─── Data segment ───

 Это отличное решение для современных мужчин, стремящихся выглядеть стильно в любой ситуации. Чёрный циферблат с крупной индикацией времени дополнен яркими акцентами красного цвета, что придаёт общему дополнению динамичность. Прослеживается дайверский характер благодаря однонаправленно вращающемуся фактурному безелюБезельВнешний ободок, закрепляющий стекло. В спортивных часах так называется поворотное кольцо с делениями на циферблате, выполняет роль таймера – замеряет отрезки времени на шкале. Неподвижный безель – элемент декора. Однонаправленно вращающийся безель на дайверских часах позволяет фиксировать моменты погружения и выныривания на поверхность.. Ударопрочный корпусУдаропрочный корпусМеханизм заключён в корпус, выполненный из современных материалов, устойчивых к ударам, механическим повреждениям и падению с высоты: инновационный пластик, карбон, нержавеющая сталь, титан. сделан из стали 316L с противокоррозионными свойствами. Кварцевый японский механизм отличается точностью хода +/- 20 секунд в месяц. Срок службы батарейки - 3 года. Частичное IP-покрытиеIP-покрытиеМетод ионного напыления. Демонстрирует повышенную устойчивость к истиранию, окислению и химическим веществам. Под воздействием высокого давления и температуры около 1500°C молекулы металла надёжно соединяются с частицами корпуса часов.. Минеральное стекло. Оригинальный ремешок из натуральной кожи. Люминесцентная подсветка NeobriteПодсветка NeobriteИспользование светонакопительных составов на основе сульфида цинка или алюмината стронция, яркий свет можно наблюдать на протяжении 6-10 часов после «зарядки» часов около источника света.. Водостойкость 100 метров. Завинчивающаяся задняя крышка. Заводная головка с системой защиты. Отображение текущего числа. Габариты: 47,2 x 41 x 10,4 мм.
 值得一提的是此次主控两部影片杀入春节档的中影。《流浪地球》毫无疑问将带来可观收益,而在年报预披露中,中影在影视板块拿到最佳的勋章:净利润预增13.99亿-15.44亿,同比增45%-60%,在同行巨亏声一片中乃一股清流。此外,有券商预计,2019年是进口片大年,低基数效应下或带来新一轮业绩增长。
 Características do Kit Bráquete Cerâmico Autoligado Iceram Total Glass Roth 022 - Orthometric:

───

* **Your assignment**: Please write out the data again exactly as it stands.

* **Result of the exercise**:
 Это отличное решение для современных мужчин, стремящихся выглядеть стильно в любой ситуации. Чёрный циферблат с крупной индикацией времени дополнен яркими акцентами красного цвета, что придаёт общему дополнению динамичность. Прослеживается дайверский характер благодаря однонаправленно вращающемуся фактурному безелюБезельВнешний ободок, закрепляющий стекло. В спортивных часах так называется поворотное кольцо с делениями на циферблате, выполняет роль таймера – замеряет отрезки времени на шкале. Неподвижный безель – элемент декора. Однонаправленно вращающийся безель на дайверских часах позволяет фиксировать моменты погружения и выныривания на поверхность.. Ударопрочный корпусУдаропрочный корпусМеханизм заключён в корпус, выполненный из современных материалов, устойчивых к ударам, механическим повреждениям и падению с высоты: инновационный пластик, карбон, нержавеющая сталь, титан. сделан из стали 316L с противокоррозионными свойствами. Кварцевый японский механизм отличается точностью хода +/- 20 секунд в месяц. Срок службы батарейки - 3 года. Частичное IP-покрытиеIP-покрытиеМетод ионного напыления. Демонстрирует повышенную устойчивость к истиранию, окислению и химическим веществам. Под воздействием высокого давления и температуры около 1500°C молекулы металла надёжно соединяются с частицами корпуса часов.. Минеральное стекло. Оригинальный ремешок из натуральной кожи. Люминесцентная подсветка NeobriteПодсветка NeobriteИспользование светонакопительных составов на основе сульфида цинка или алюмината стронция, яркий свет можно наблюдать на протяжении 6-10 часов после «зарядки» часов около источника света.. Водостойкость 100 метров. Завинчивающаяся задняя крышка. Заводная головка с системой защиты. Отображение текущего числа. Габариты: 47,2 x 41 x 10,4 мм.
 值得一提的是此次主控两部影片杀入春节档的中影。《流浪地球》毫无疑问将带来可观收益,而在年报预披露中,中影在影视板块拿到最佳的勋章:净利润预增13.99亿-15.44亿,同比增45%-60%,在同行巨亏声一片中乃一股清流。此外,有券商预计,2019年是进口片大年,低基数效应下或带来新一轮业绩增长。
 Características do Kit Bráquete Cerâmico Autoligado Iceram Total Glass Roth 022 - Orthometric:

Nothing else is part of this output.